副業・兼業に関する実態調査の結果を発表
みらいワークスは、6月24日に「副業・兼業に関する人事制度の実態調査」の結果を発表しました。この調査は、5月29日から6月3日の期間に、大企業に勤める人事・労務担当者500名を対象に実施されました。この記事では、副業・兼業制度の現状や企業の取り組みについて詳しく解説します。
副業・兼業制度の現状
調査結果によると、「貴社の正社員における副業・兼業制度」についての状況は次の通りです。「全面的に禁止している企業」が26.0%、「認めている企業」が55.2%、「現在は禁止でも新制度を整備中」が18.8%という結果になりました。このことから、**副業・兼業を認める企業の割合が増加している**ことが伺えます。
他社の従業員を副業・兼業で受け入れる企業
調査において、他社の従業員(常用労働者)を副業・兼業人材として「受け入れている」企業は62.4%に達しました。具体的には、業務委託などの非雇用型のみを受け入れている企業は26.4%、雇用型のみが21.0%でした。

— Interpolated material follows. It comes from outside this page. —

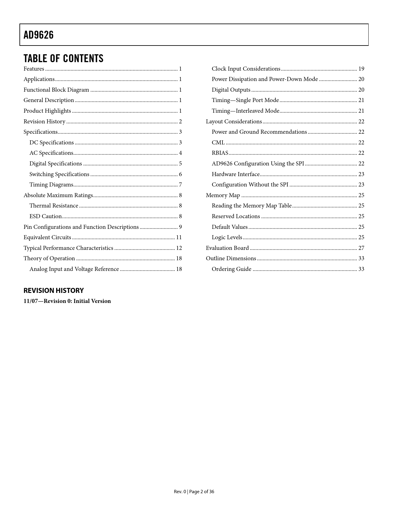 Seiten / Seite37 / 3 — AD9626. TABLE OF CONTENTS. REVISION HISTORY. 11/07—Revision 0: Initial …

興味深いことに、自社の正社員の副業・兼業を「認めている」企業では、72.8%が他社の従業員を受け入れていることが明らかになりました。
さらに、「禁止している」企業においても、約半数(49.6%)が副業・兼業の外部人材を受け入れていると回答しています。これにより、従業員の働き方に対する柔軟性が求められていることが示唆されます。
副業・兼業に対する社内規程の整備状況
続いて、副業・兼業に関する社内規程の整備状況について調査したところ、50.0%の企業が「就業規則に含まれている」と回答しました。また、正社員の副業・兼業を認めている企業では56.1%、禁止している企業では71.0%が社内規程を整備していると述べています。このことは、多くの大企業が副業・兼業の有無に関わらず、社内規程を見直し、整備していることを示しています。
副業・兼業を禁止する理由
副業・兼業を禁止している企業に対して、その理由を尋ねたところ、以下のような回答が上位にあがりました。
- 社内業務への支障(55.4%)
- 労務管理の困難さ(40.2%)
- 機密情報流出のリスク(36.6%)
- 従業員の健康・メンタルヘルスへの懸念(35.7%)
副業・兼業を認めている企業においても理由が存在し、「従業員の自律的なキャリア形成」が42.8%と最も多い結果となり、次いで「多様な働き方の実現(ダイバーシティ促進)」(37.7%)や「従業員のモチベーション向上」(35.1%)が続きました。このように、企業は多様な理由から副業・兼業制度を取り入れています。
副業・兼業制度の運用における重要な課題
調査では、副業・兼業を認めている企業に対して、「副業・兼業制度の運用における特に重要な課題」を尋ねたところ、以下のような回答が得られました。
- 情報セキュリティの確保(40.6%)
- 健康管理・メンタルヘルス管理(39.5%)
- 労働時間の適切な把握(37.3%)
- 本業のパフォーマンス維持(34.4%)
これらの課題を解決するために企業が実施している情報管理対策としては、「情報セキュリティ研修の実施」(55.4%)や「定期的なモニタリング実施」(41.3%)が上位にありました。また、機密保持契約の締結(36.6%)や誓約書の徴収(30.8%)も重要な取り組みとされています。
健康管理と労働時間管理方法
健康管理対策においては、「産業医との定期相談」が最も多く(43.5%)、次いで「ストレスチェックの追加実施」(42.8%)や「定期面談の実施」(33.7%)が続きます。また、労働時間管理方法としては、「システムによる一元管理」(37.0%)、「表計算ソフト等による管理」(22.1%)、「管理していない」(14.5%)という結果が報告されています。
このように、企業は副業・兼業制度の導入が進む中、様々な課題に直面しています。人事・労務担当者は、これらの調査結果をもとにそれぞれの企業に適した労働環境を整備していく必要があります。